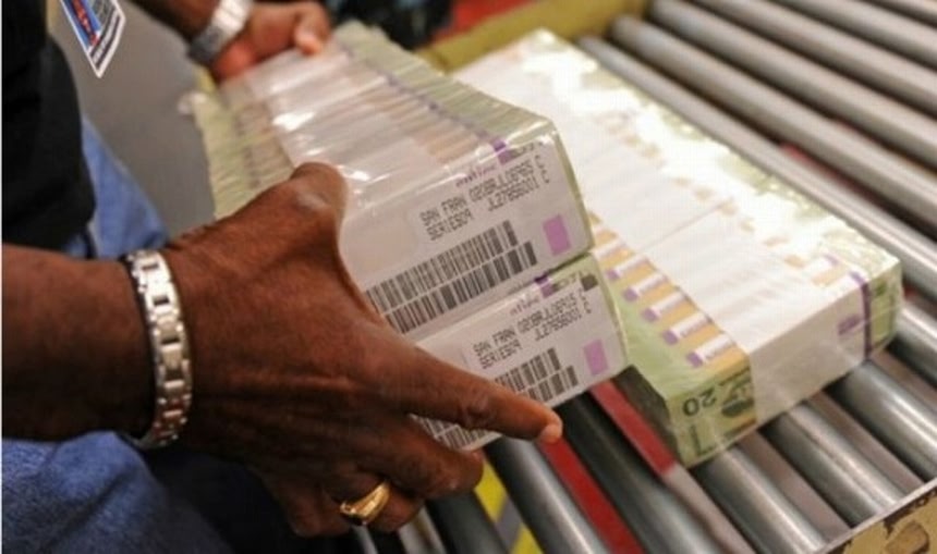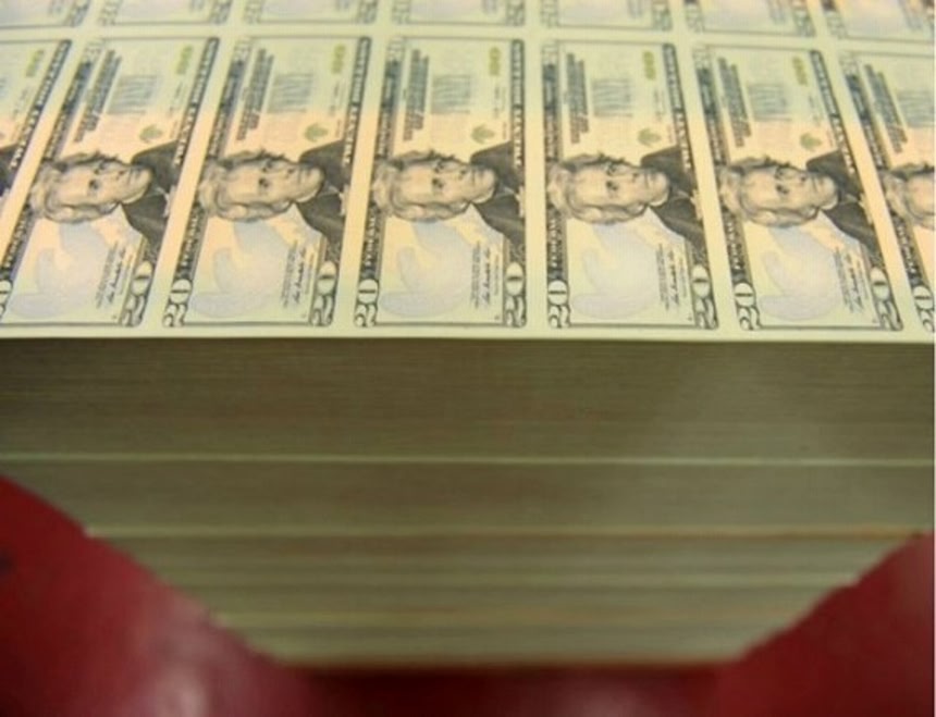 この画像を大きなサイズで見る連邦政府と財務省シールが刻印された20ドル札1万枚
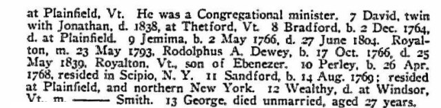 Ebenezer was a farmer, lived in Mansfield, (Conn.) a few years, then in New Fairfield, Conn., then in Newtown, Sussex Co., N.J., and about 1765-6 removed to Shaftsbury, VT. The events of the War of the Revolution sent him to Canada West, where he spent the evening of his life, with his companion and five children near him, at Cornwall and Johnstown.
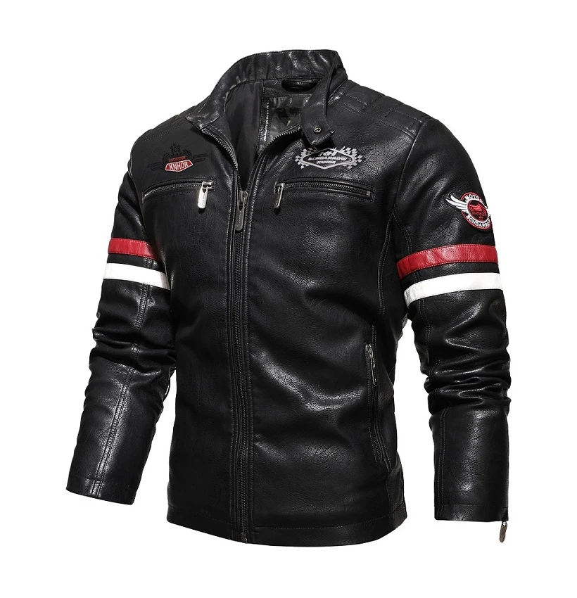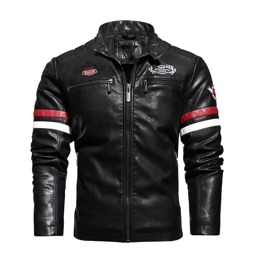 Мужская байкерская куртка из искусственной кожи, Черная байкерская куртка из искусственной кожи с вышивкой в винтажном стиле, Осень-зима 2020
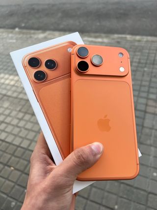 Este iPhone 17 Pro Max presenta un llamativo acabado en tonos naranjas y dorados, con una gran capacidad de almacenamiento. - Acabado en naranja y dorado. - Capacidad de 1TB.
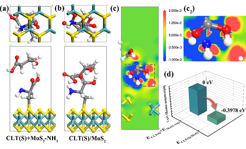 图3 (a) CLT(S)+MoS2-NH2相互作用的单位细胞模型;(b) CLT(S)/MoS2的优化晶胞模型;(c) CLT(S)/MoS2的电荷密度切片;(c2)为(c)中反应作用位点的局部放大图;(d) 计算出的CLT(S)+MoS2-NH2和CLT(S)/MoS2的相互作用能
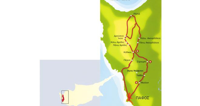 Η διαδρομή αυτή κινείται σε ένα μεγάλο μέρος της περιοχής Ακάμα. Έχει μια ποικίλη γεωλογική ταυτότητα και μεγάλη παράδοση στην αμπελουργία, γι’ αυτό μεγάλες εκτάσεις της καλύπτονται από αμπέλια τα οποία αναπτύσσονται σε ήπιο κλίμα, ένα υψόμετρο 400-650 μέτρων και ασβεστολιθικά εδάφη. Παρόλο που στην περιοχή καλλιεργούνται 19 διαφορετικές ποικιλίες, η περιοχή του Κάθικα φημίζεται περισσότερο για τις λευκές ποικιλίες, με κυριότερη το τοπικό Ξυνιστέρι. Η διαδρομή αρχίζει από την Πάφο, προεκτείνεται στα Μεσόγη, Τσάδα, Άγιο Νεόφυτο, Στρουμπί, Πέγεια, Κάθικα, Ακουρδάλια, Αρόδες, Δρούσεια και Πόλις.
****************************************
Hand back all the entries exactly, leaving out the pictures.

EXPECTED ANSWER:
 この画像を大きなサイズで見る連邦政府と財務省シールが刻印された20ドル札1万枚
 Ebenezer was a farmer, lived in Mansfield, (Conn.) a few years, then in New Fairfield, Conn., then in Newtown, Sussex Co., N.J., and about 1765-6 removed to Shaftsbury, VT. The events of the War of the Revolution sent him to Canada West, where he spent the evening of his life, with his companion and five children near him, at Cornwall and Johnstown.
 Мужская байкерская куртка из искусственной кожи, Черная байкерская куртка из искусственной кожи с вышивкой в винтажном стиле, Осень-зима 2020
 Este iPhone 17 Pro Max presenta un llamativo acabado en tonos naranjas y dorados, con una gran capacidad de almacenamiento. - Acabado en naranja y dorado. - Capacidad de 1TB.
 图3 (a) CLT(S)+MoS2-NH2相互作用的单位细胞模型;(b) CLT(S)/MoS2的优化晶胞模型;(c) CLT(S)/MoS2的电荷密度切片;(c2)为(c)中反应作用位点的局部放大图;(d) 计算出的CLT(S)+MoS2-NH2和CLT(S)/MoS2的相互作用能
 Η διαδρομή αυτή κινείται σε ένα μεγάλο μέρος της περιοχής Ακάμα. Έχει μια ποικίλη γεωλογική ταυτότητα και μεγάλη παράδοση στην αμπελουργία, γι’ αυτό μεγάλες εκτάσεις της καλύπτονται από αμπέλια τα οποία αναπτύσσονται σε ήπιο κλίμα, ένα υψόμετρο 400-650 μέτρων και ασβεστολιθικά εδάφη. Παρόλο που στην περιοχή καλλιεργούνται 19 διαφορετικές ποικιλίες, η περιοχή του Κάθικα φημίζεται περισσότερο για τις λευκές ποικιλίες, με κυριότερη το τοπικό Ξυνιστέρι. Η διαδρομή αρχίζει από την Πάφο, προεκτείνεται στα Μεσόγη, Τσάδα, Άγιο Νεόφυτο, Στρουμπί, Πέγεια, Κάθικα, Ακουρδάλια, Αρόδες, Δρούσεια και Πόλις.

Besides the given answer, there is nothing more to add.